Charge capital gains on people’s main home? That would help a bit but quite aside from gumming up the property market it wouldn’t bring in enough to help much.

Push the basic rate of income tax up from 20 per cent to the 40 to 50 per cent range – as it was from 1945 right through to 1971?

Well, that would fix it, but it would be pretty rough on the young, and I can’t see any government lasting long if it tried it.

What will instead happen is this. There will be tax rises, but they won’t be enough to pay for the burden on future governments.

There may be some sort of financial crisis in the next two or three years, forcing an emergency budget with savage cuts in spending, quite possibly bringing down the Burnham government.

But even if there isn’t, there will over the next decade be a gradual shift towards people depending less on the state and relying more on themselves.

The state will do the things that only it can do, such as defence. But it will try to cut back spending on services it would like to provide but can no longer afford.

You can see this happening already.
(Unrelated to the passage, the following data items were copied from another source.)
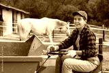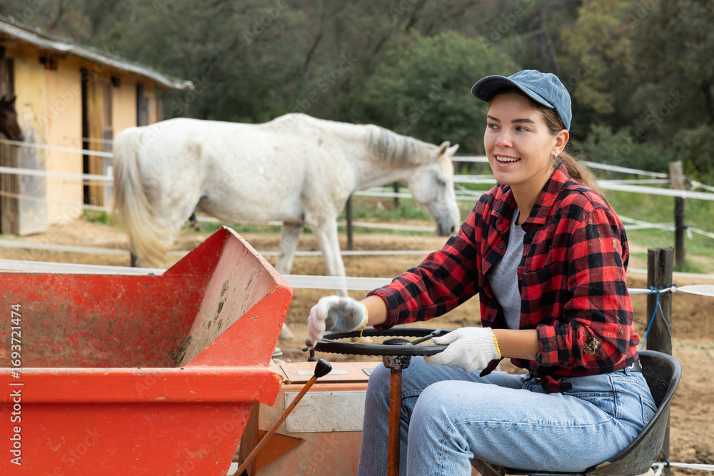 Young girl works on tractor - transporting hay for horses in a stable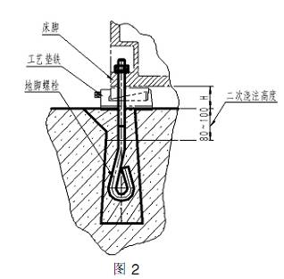 基礎(chǔ)二次灌漿料澆注分兩次進(jìn)行 以控制漿的穩(wěn)定性 首先 將攪拌好的二次灌漿料澆注在二次灌漿坑內(nèi) 上部預(yù)留100-240mm空間圖 用振動棒夯實 固化24小時 然后 將混合好的二次灌漿料灌入二次灌漿坑上部預(yù)留100-240mm空間內(nèi) 要求二次灌漿料的上液面必須高出基礎(chǔ)墊鐵下表面20-30mm封料高度 的高度 保證灌漿料自流充實墊鐵的安裝面 其中20-30mm的封料高度高度 可以制作圍板來實現(xiàn) 但圍板四周必須用水泥或玻璃膠密封好 防止水分灌漿料在養(yǎng)生過程水分流失 封料高度 也可在地基上直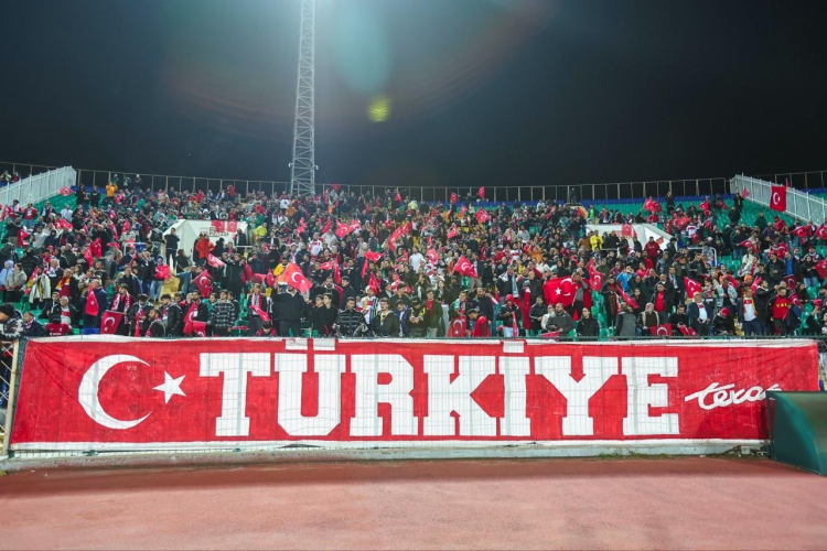 Bulgaristan deplasmanında Ay-Yıldızlıları 90 dakika boyunca destekleyen Türk taraftarın bulunduğu noktada Teksas yazılı bir pankart dikkatlerden kaçmadı.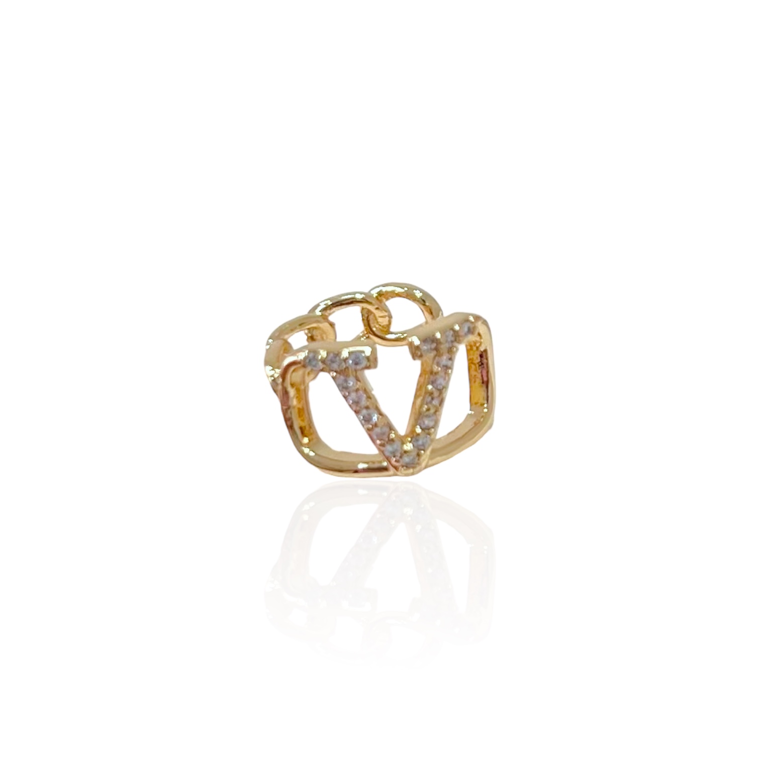 Piercing Fake Folheado Ouro 18k e Prata 925 V Inspired Cravejado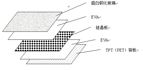 圖示的玻璃、 EVA、TPT、硅晶片是組成太陽電池組件的主要材料,此外,互連條、鋁合金邊框、接線盒、焊錫、密封硅膠也是組成電池組件不可缺少的部件。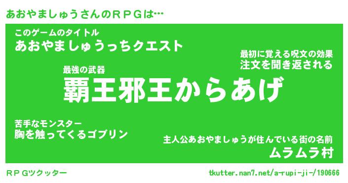 | 男性向けラノベタイトル風あだ名 | 『アオヤマシュウアートオンライン』 |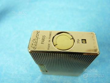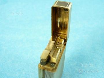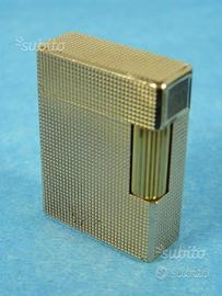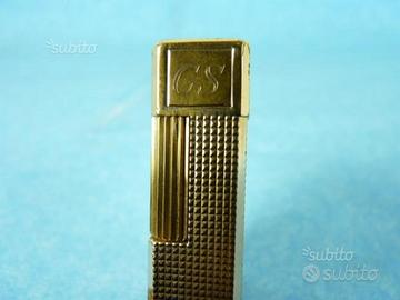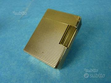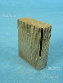 Originale accendino a gas placcato in oro 18 carati, a forma di parallelepipedo. Piani zigrinati (Linea 1 small punta di diamante).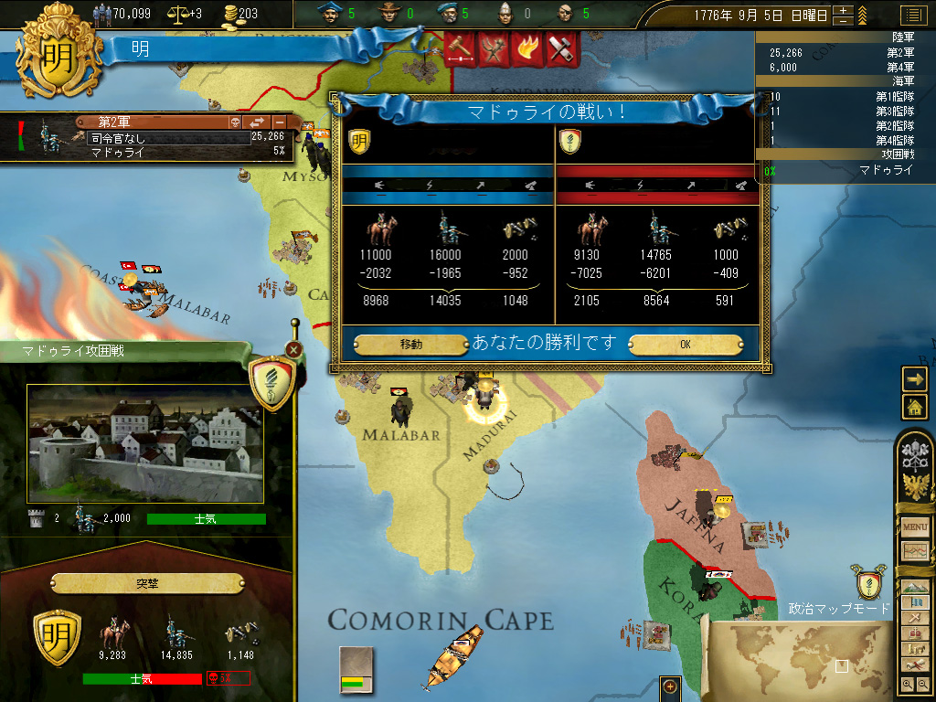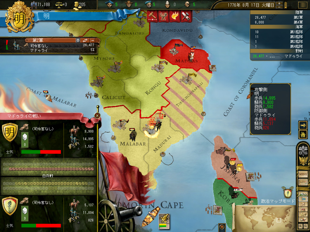 セイロンを制圧したら,いよいよ本番である。攻撃目標はインド亜大陸南端のマドゥライ。マイソールと同盟しており,マイソールがマドゥライを二分するような形になっている。マドゥライから始めると全土の占領が大変で,マイソールから入れば上下から挟まれるという,非常に困った情勢である。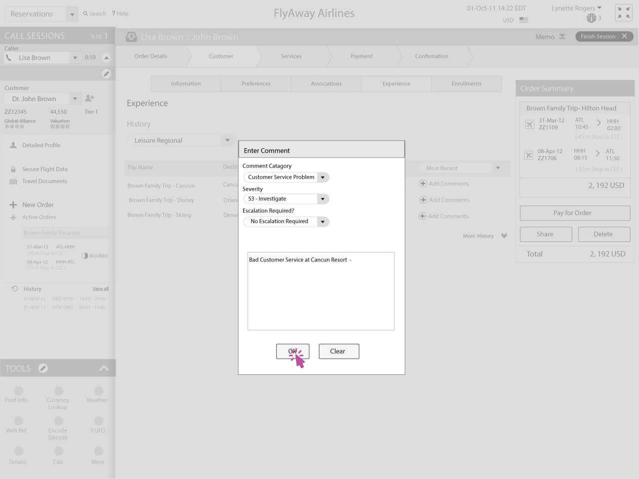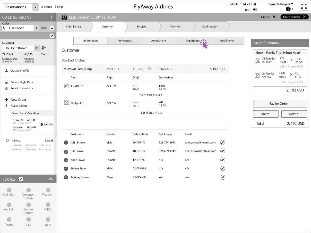 In the first part of the scenario, Lisa calls the FlyAway Airlines Call Center and is connected to Karen, an airline call center representative. The caller ID system provides the phone number the call is coming from, which enables the system to pull up the customer profile linked to the phone number (linked to John). With Mr. Brown’s profile in front of Karen, she quickly reviews it. However, she hears a woman’s voice, not a man’s. She therefore asks whom she is speaking with, and learns she is speaking with Mrs. Brown (Lisa). Therefore, Karen clicks John Brown’s name, and gets a dropdown, with all of the family members who are associated with Mr. Brown.
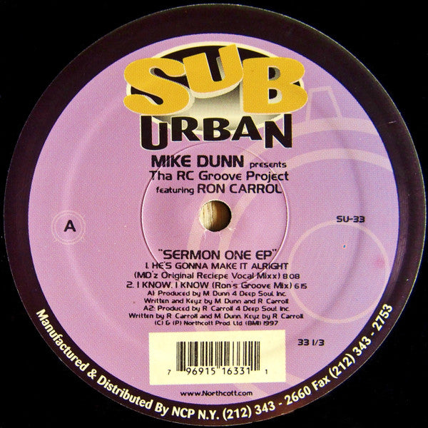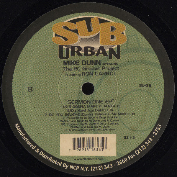 Mike Dunn Presents Tha RC Groove Project* Featuring Ron Carrol* - Sermon One EP SU-33 (12", EP) (Very Good Plus (VG+))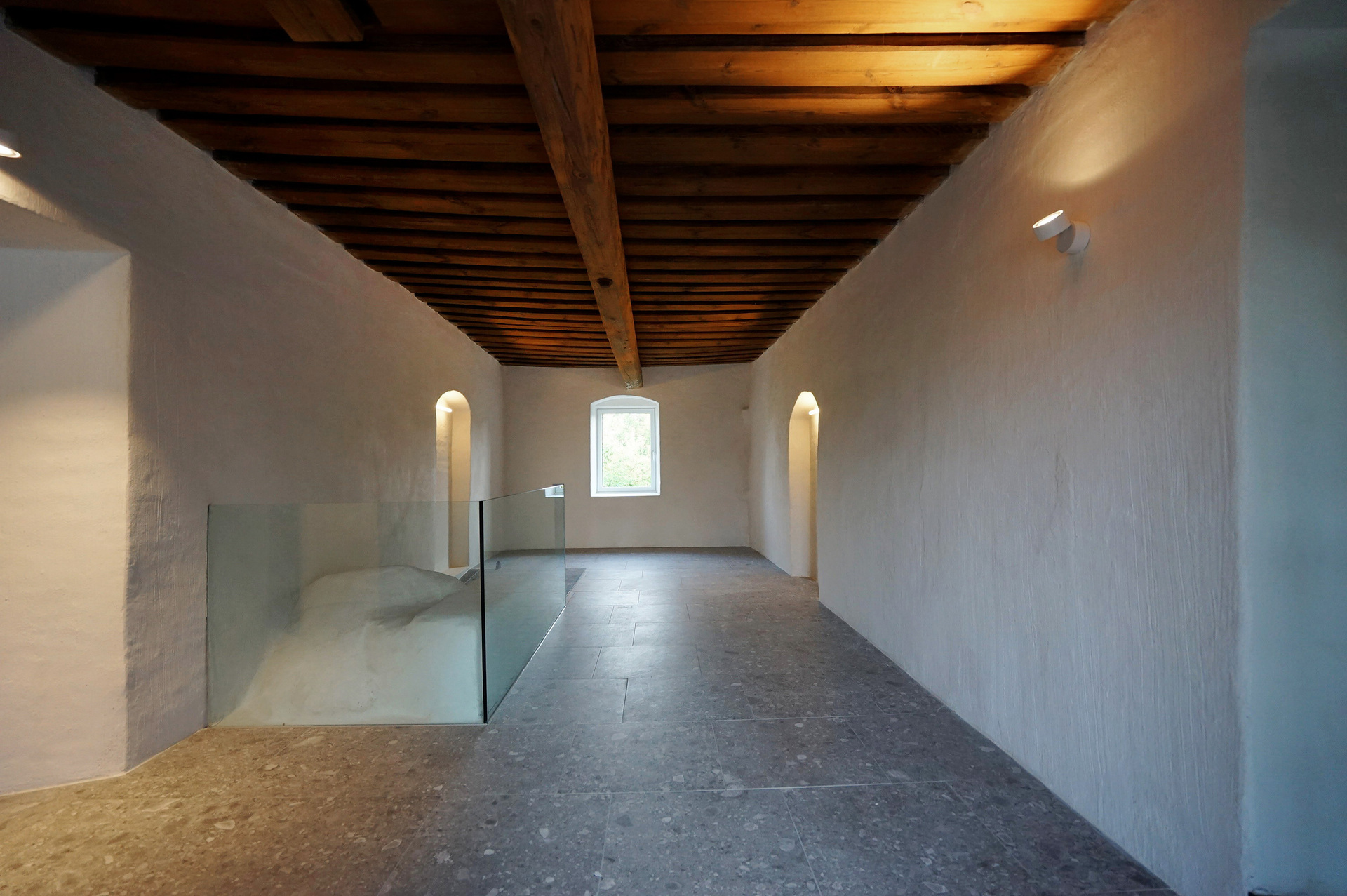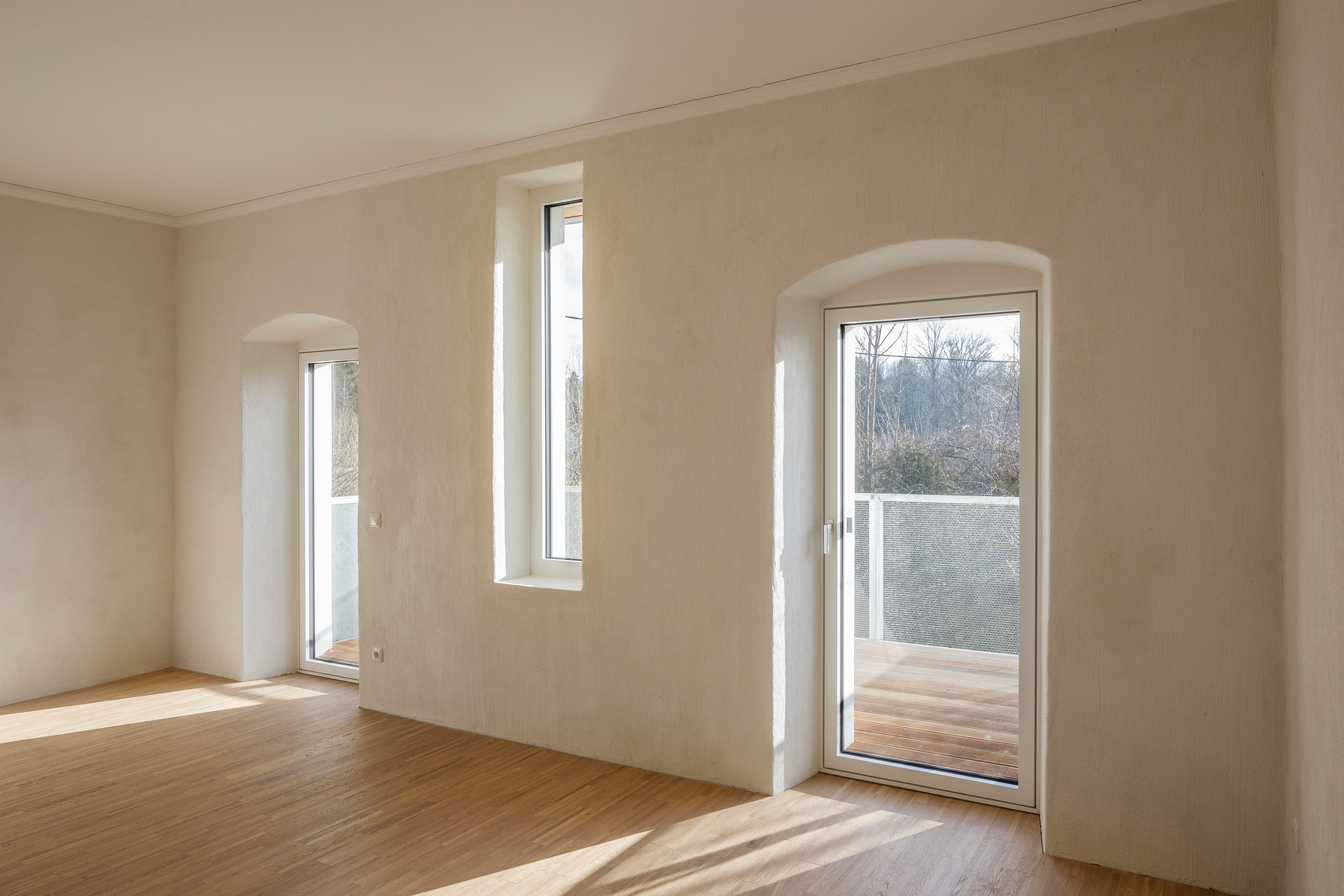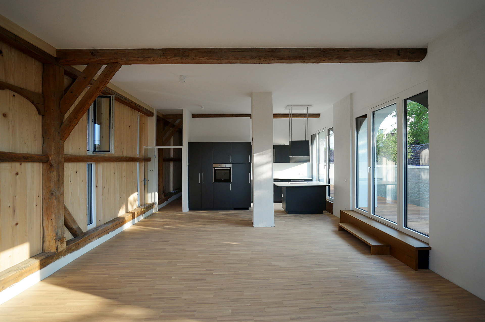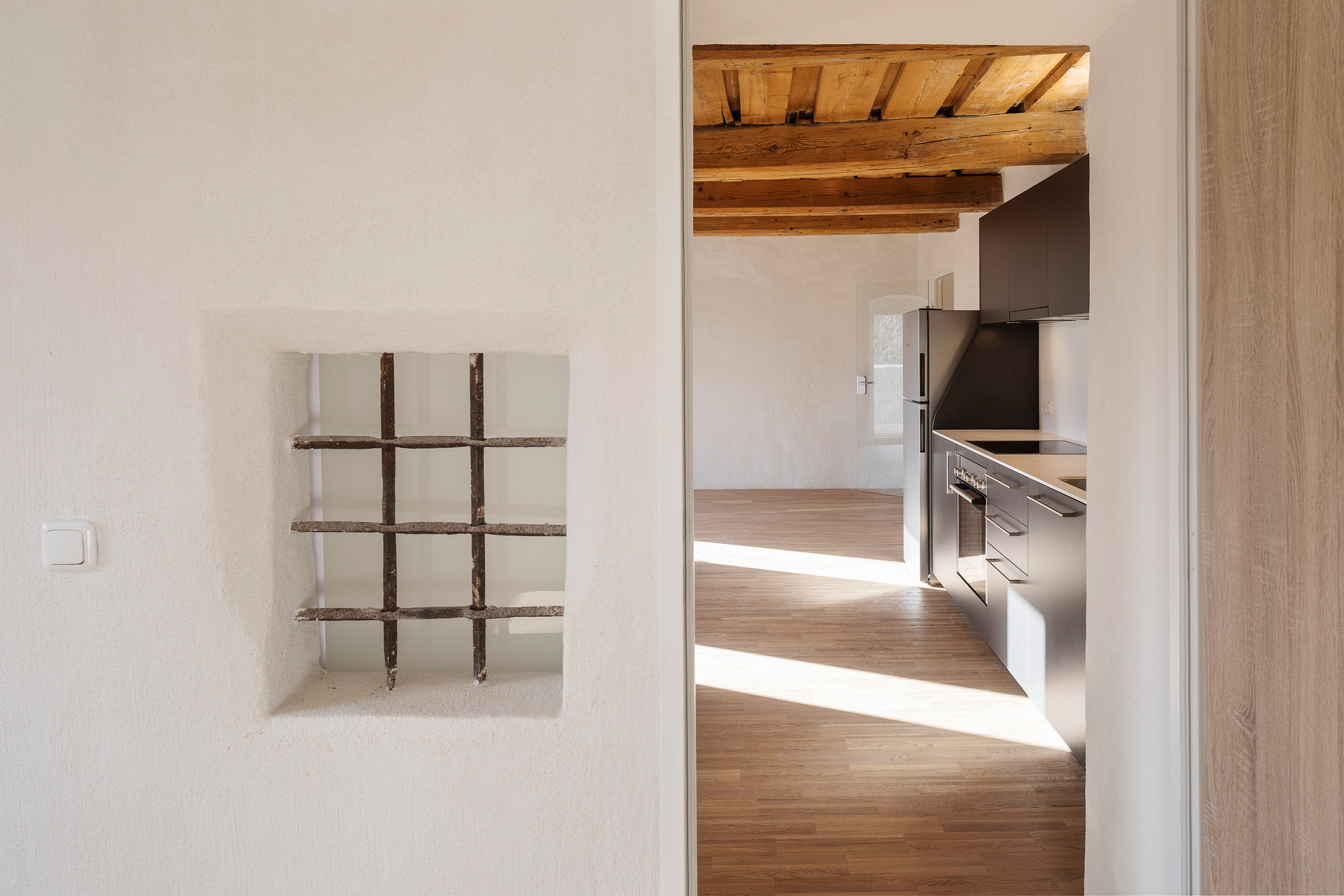 Die barrierefreie Erschließung des Obergeschosses wurde über einen neuen Laubengang und ein frei im Hof stehendes Treppenobjekt geschaffen. Die historische schmale und gewundene Bestandstreppe samt Balkendecke im Innenraum konnte dadurch erhalten bleiben. Die südseitigen Wohneinheiten Richtung Mühlbach wurden im Obergeschoss mit leichten Balkonkonstruktionen aus verzinktem Stahl ergänzt. Die Giebel- und Wandflächen der Seitenflügel wurden, in Analogie zum ursprünglichen Erscheinungsbild, mit einer vertikalen Holzverschalung eingekleidet. (Text: Tobias Hagleitner, nach einem Text des Architekten)

Roughly 20 per cent of healthcare is now paid privately, up from 17 per cent 15 years ago.

Since auto-enrolment in private pensions began in 2012, the proportion of private sector workers in a pension scheme has doubled from 42 per cent to 86 per cent.

For people in care homes there has been a steady increase in the proportion paid privately, with more than half of the funding now coming from individuals and their families. 

Even for residents paid for by councils there has been a rise in top-up fees.

Parents and grandparents are increasingly paying university fees for their offspring, rather than them having to borrow at the Government’s usurious rates.

In housing, the Bank of Mum and Dad is now helping half of all first-time buyers.

This may seem unfair and in a way it is. Some families can and want to help the next generation. Others can’t or choose not to. 

It’s always difficult for people to cope with seismic social and financial changes. But, like it or not, as a country, we’re already moving to the idea that the state can’t fix it.

You trust yourself, as you have no idea what the Government will be doing in 20 or 30 years’ time.